====== DATA SEGMENT

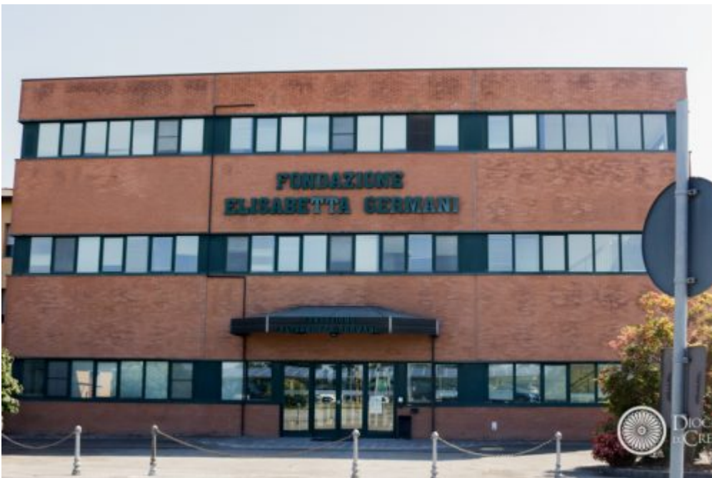
Dal Territorio, Homepage 2 Alzheimer, accanto ai malati e a chi li assiste. Convegno alla Fondazione Germani
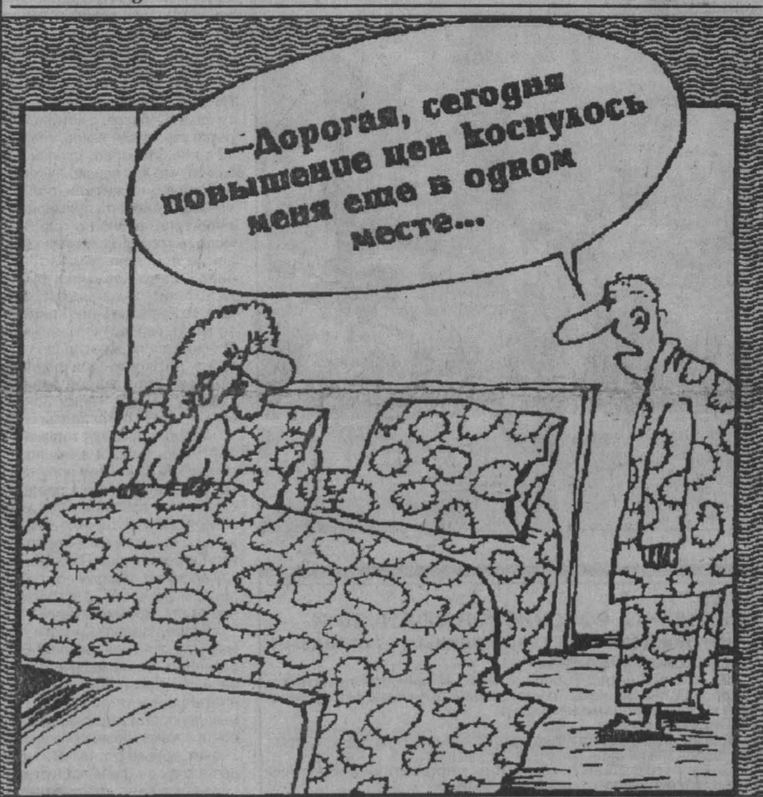
Рис. Вячеслава Шилова.
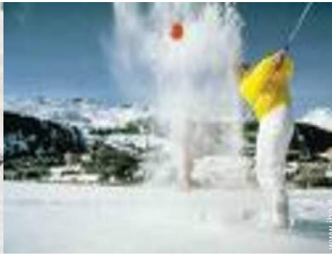
sport invernali nelle vicinanze

============

Could the data be reproduced exactly, with the pictures omitted?

Dal Territorio, Homepage 2 Alzheimer, accanto ai malati e a chi li assiste. Convegno alla Fondazione Germani
Рис. Вячеслава Шилова.
sport invernali nelle vicinanze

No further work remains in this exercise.